===== INFORMATION SUPPLIED =====

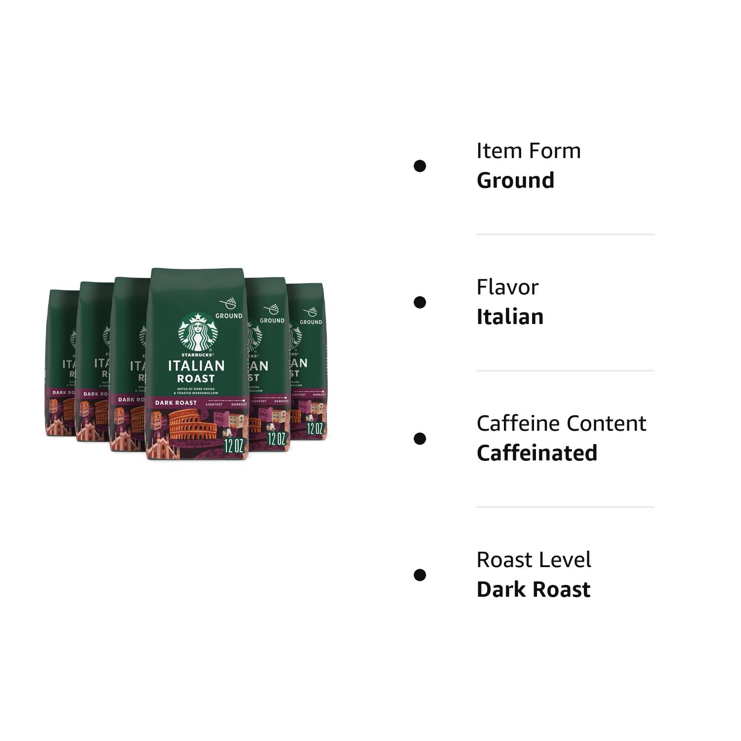 Starbucks Dark Roast Ground Coffee. Italian Roast. 100% Arabica. 6 bags (12 oz.)
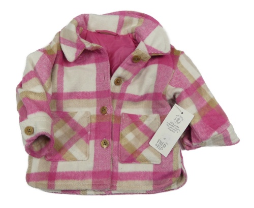 Nové - Bielo-ružovo-béžová kockovaná flaušová podšitá bunda F&F
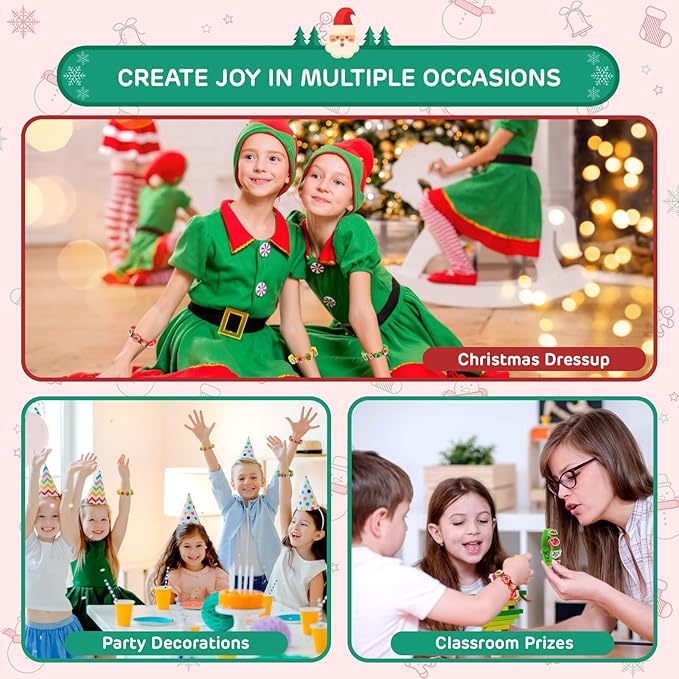 - Rich Accessories: Comes with 6 silicone bracelets featuring clasps for easy wear, plus 64 Christmas stickers and 64 decorations. With vibrant colors and diverse patterns, kids can unleash their creativity to design their own unique bracelets, adding joy and fun to any Christmas party
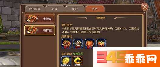 宴会开启后将会和友好度最高的三人一起享受美味佳肴。并且给大家看看宴会的增益BUFF一桌豪华的海鲜盛宴,宴会后所有人获得BUFF,伤害 15%,伤害抵抗 15%,buff适用于任何场景,持续一天。
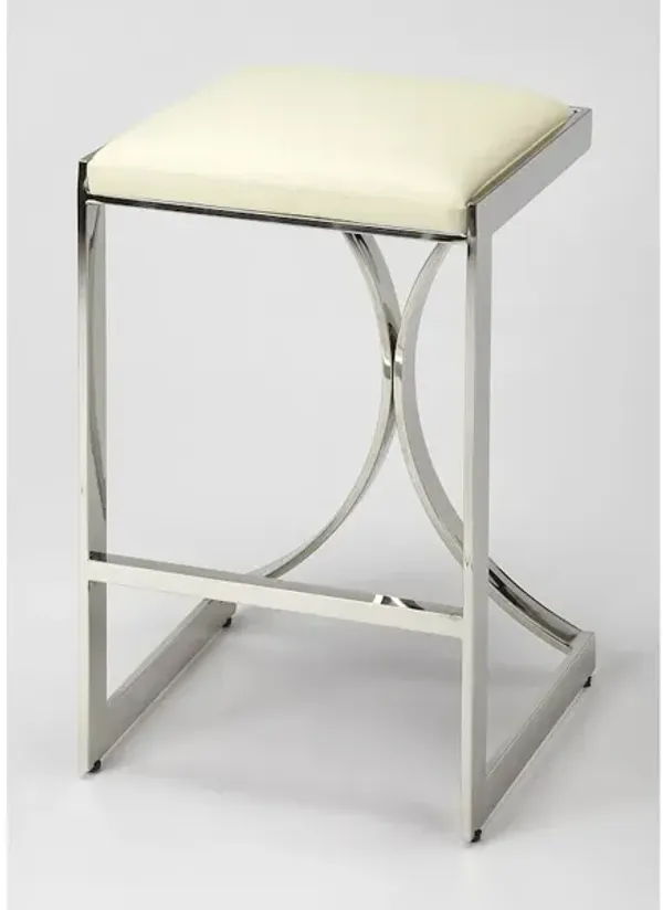Backless Counter Height Bar Chair - White / Silver

=====

All of the records need to be reproduced exactly, with each picture omitted.

TASK RESPONSE:
 Starbucks Dark Roast Ground Coffee. Italian Roast. 100% Arabica. 6 bags (12 oz.)
 Nové - Bielo-ružovo-béžová kockovaná flaušová podšitá bunda F&F
 - Rich Accessories: Comes with 6 silicone bracelets featuring clasps for easy wear, plus 64 Christmas stickers and 64 decorations. With vibrant colors and diverse patterns, kids can unleash their creativity to design their own unique bracelets, adding joy and fun to any Christmas party
 宴会开启后将会和友好度最高的三人一起享受美味佳肴。并且给大家看看宴会的增益BUFF一桌豪华的海鲜盛宴,宴会后所有人获得BUFF,伤害 15%,伤害抵抗 15%,buff适用于任何场景,持续一天。
Backless Counter Height Bar Chair - White / Silver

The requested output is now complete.